Module M1 is specifically a data read/write concurrency control module, configured to acquire consistent and highly concurrent data through a fine-grained read/write lock.

Module M1.1 is specifically a binary tree-based fine-grained file data read/write lock module.

Module M1.2 is specifically a hash table-based client data permission lease module.

The fine-grained file data read/write lock module includes a binary tree list. Each binary tree in the list corresponds to a file data read/write lock management unit in an open state. The binary tree list uses a unique identifier of the file in the distributed file system as an index.

Each binary tree includes a data interval occupied by a read/write request for a current file. The interval is represented by a tuple including a start offset and a length of the read/write request. A root node of the binary tree corresponds to an interval of all data in the file, and each child node corresponds to a data interval acquired by bisecting a parent node interval. A corresponding data segment of each node includes a read/write lock, allowing a requester to simultaneously acquire one-write-multiple-read permissions.
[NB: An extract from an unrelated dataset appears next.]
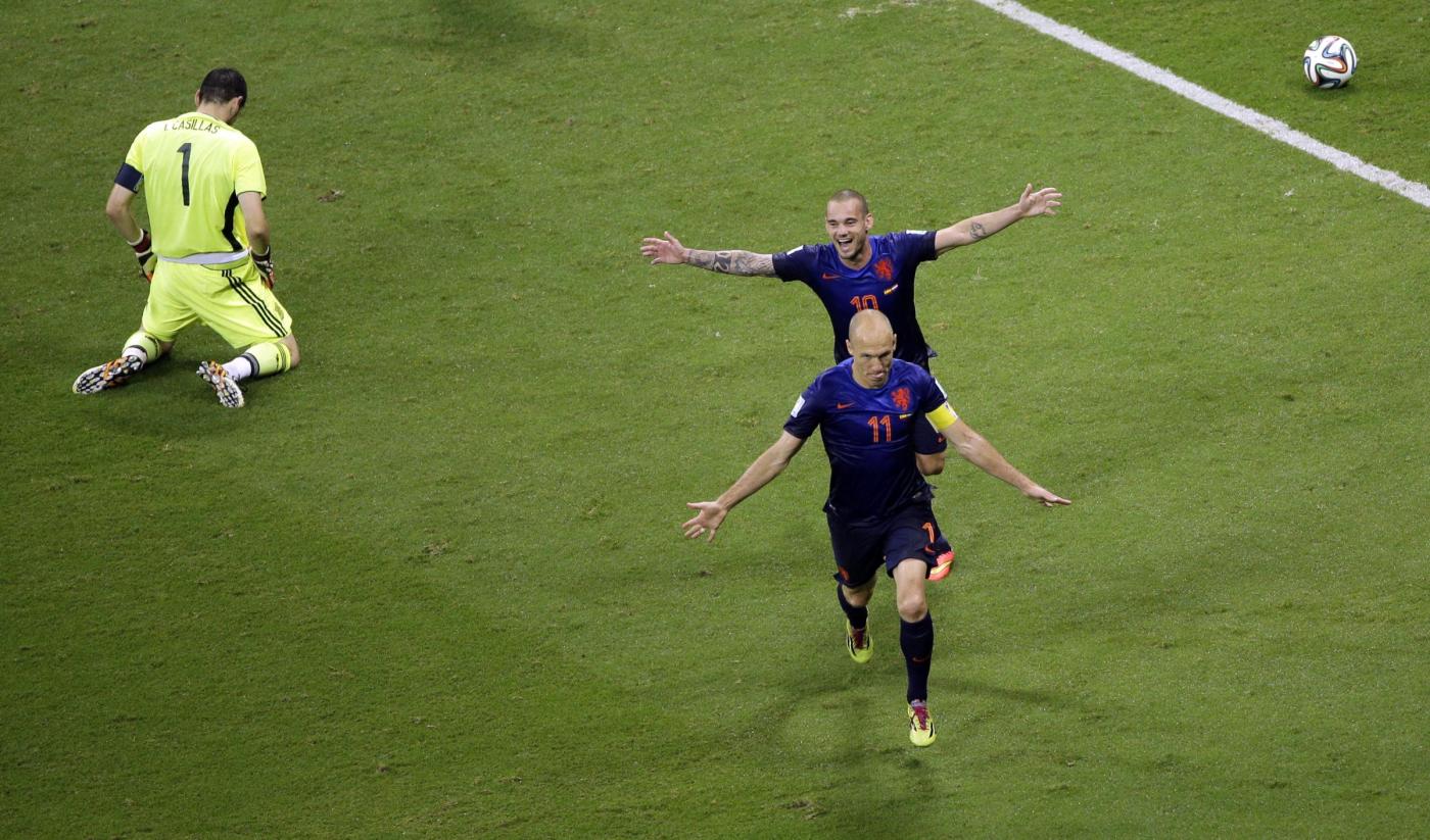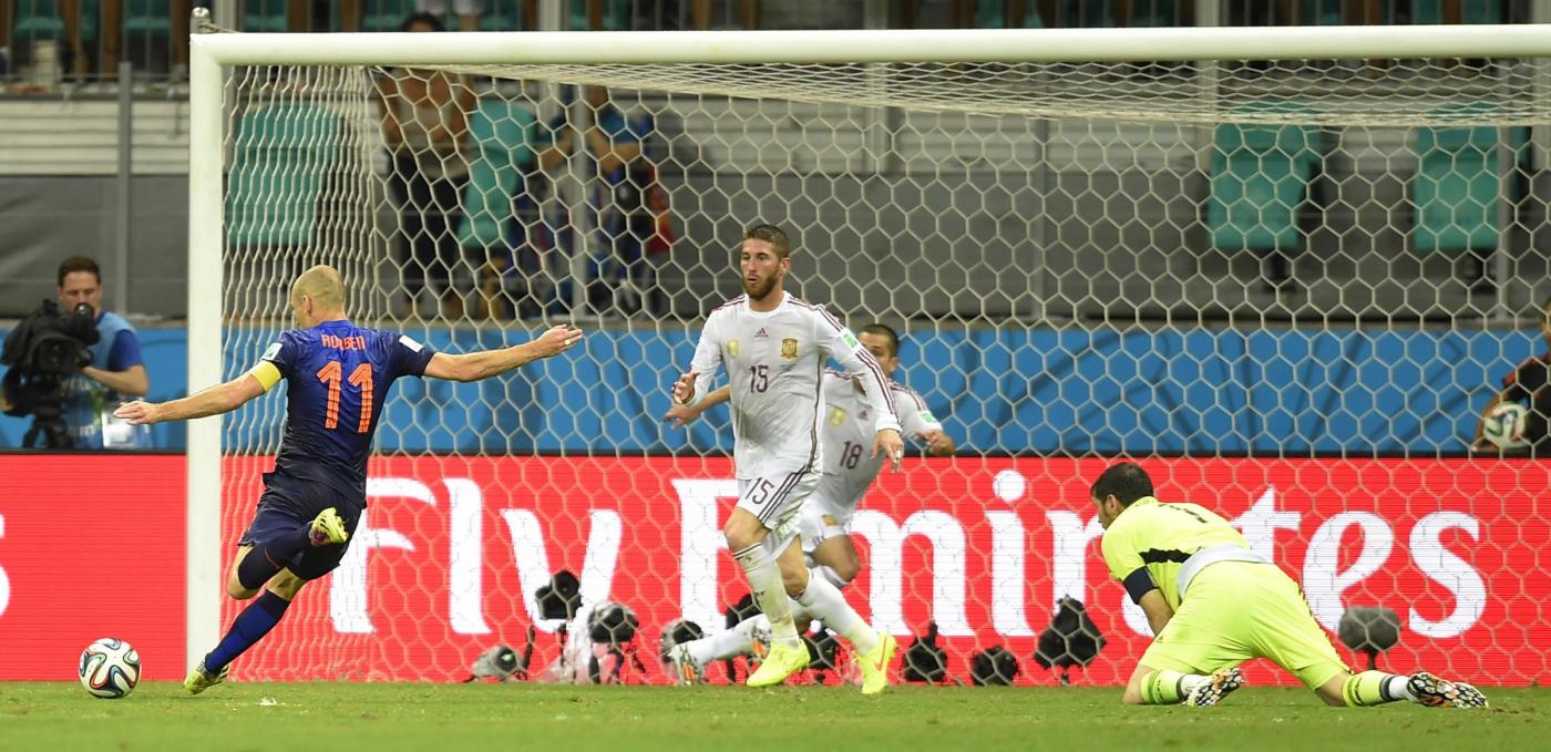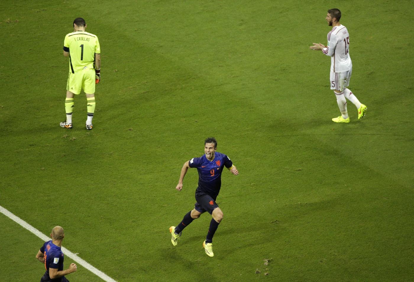 RIO DE JANEIRO, BRASILE – Esordio da sballo per l’Olanda di Louis Van Gaal. Gli oranje hanno steso i campioni del mondo in carica della Spagna con una manita (5-1) che fa capire benissimo qual’è stato il copione della partita.

When a new read/write request is submitted to a file server, a data read/write lock binary tree corresponding to a file number is indexed, and a read/write permission record on a corresponding node is searched for, added, or modified; and when a read/write permission is reclaimed, the read/write permission on the corresponding node is modified or deleted.

The client data permission lease module includes a hash table including a lease record, where the harsh table maintains all read/write lease permissions currently retained by the client system.

When a client application initiates a file read/write request, the read/write request is submitted to a file system server while a data caching request is submitted to the module M2.

When processing of a read/write permission request and the caching request is completed, a read/write descriptor is added to the hash table while the read/write request to be executed is sent to module M3.

Module M2 is specifically a file data cache module, configured to control data caching of a server file system by a client system.

The module M2 includes: a data cache management module running in the client system of the distributed file system.

The data cache management module includes a metadata cache unit, a data cache unit, and a metadata management unit for the local data cache.

When the client system initiates a metadata operation-related request, the metadata cache unit requests a metadata permission from the file system server and caches a relevant metadata region locally on the client.

When the client system initiates a data read/write-related request, the data cache unit reads or writes back data from/to the file system server. Simultaneously, the metadata management unit for the local data cache modifies metadata information in a local cache region.

Module M3 is specifically a read/write request latency prediction module, configured to predict a runtime latency of a file read/write request in a file system client.

Module M3.1 is specifically a data read/write task latency recording module.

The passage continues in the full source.